26 septiembre 2019 | Por

A mi trabajo acudo (II)

Marta Sanz, escritora | Para los letraheridos –para las letraheridas también– el paradigma del lenguaje poético se adecuaba mejor, ya en el siglo XX, al Enhiesto surtidor de sombra y sueño, el ciprés de Silos de Gerardo Diego.
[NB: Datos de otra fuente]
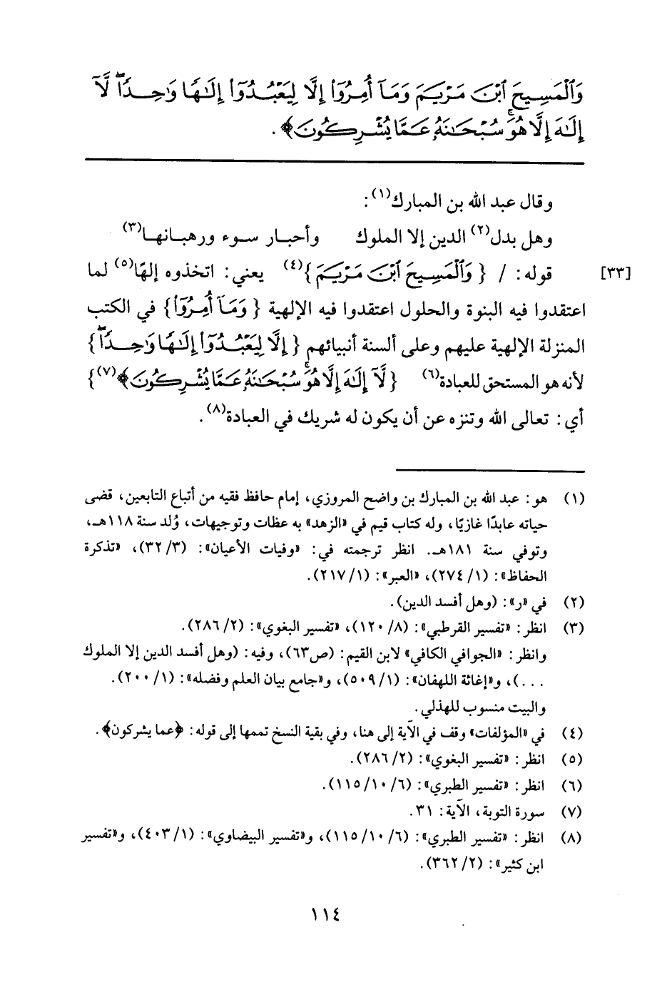 وَالْمَسِيحَ ابْنَ مَرْيَمَ وَمَا أُمِرُوا إِلاَّ لِيَعْبُدُوا إِلَهاً وَاحِداً لا إِلَهَ إِلاَّ هُوَ سُبْحَانَهُ عَمَّا يُشْرِكُونَ (31) } 1.

Donde esté un árbol que se quite un jardinero… Aunque no hay que olvidar al niño yuntero y a los aceituneros altivos de Miguel Hernández que subrayaron una épica laboral, no muy frecuentada en nuestra literatura, y que después retomaron en gran medida los poetas de la generación del 50, entre ellos Ángel González o Antonio Gamoneda con su magnífico Blues del amo, versionado entre otros por Loquillo:

Va a hacer diecinueve años
que trabajo para un amo.
Hace diecinueve años que me da la comida
y todavía no he visto su rostro.
No he visto al amo en diecinueve años
pero todos los días yo me miro a mí mismo
y ya voy sabiendo poco a poco
cómo es el rostro de mi amo.
Va a hacer diecinueve años
que salgo de mi casa y hace frío
y luego entro en la suya y me pone una luz
amarilla encima de la cabeza
y todo el día escribo dieciséis
y mil y dos y ya no puedo más
y luego salgo al aire y es de noche
y vuelvo a casa y no puedo vivir.
Cuando vea a mi amo le preguntaré
lo que son mil y dieciséis
y porqué me pone una luz encima de la cabeza.
Cuando esté un día delante de mi amo,
veré su rostro, miraré en su rostro
hasta borrarlo de él y de mí mismo.

Los oficios, sus condiciones, su precariedad tuvieron con el tiempo más prestigio en la copla y los cantares populares –Cocinero, cocinero; Soy minero; El emigrante…–.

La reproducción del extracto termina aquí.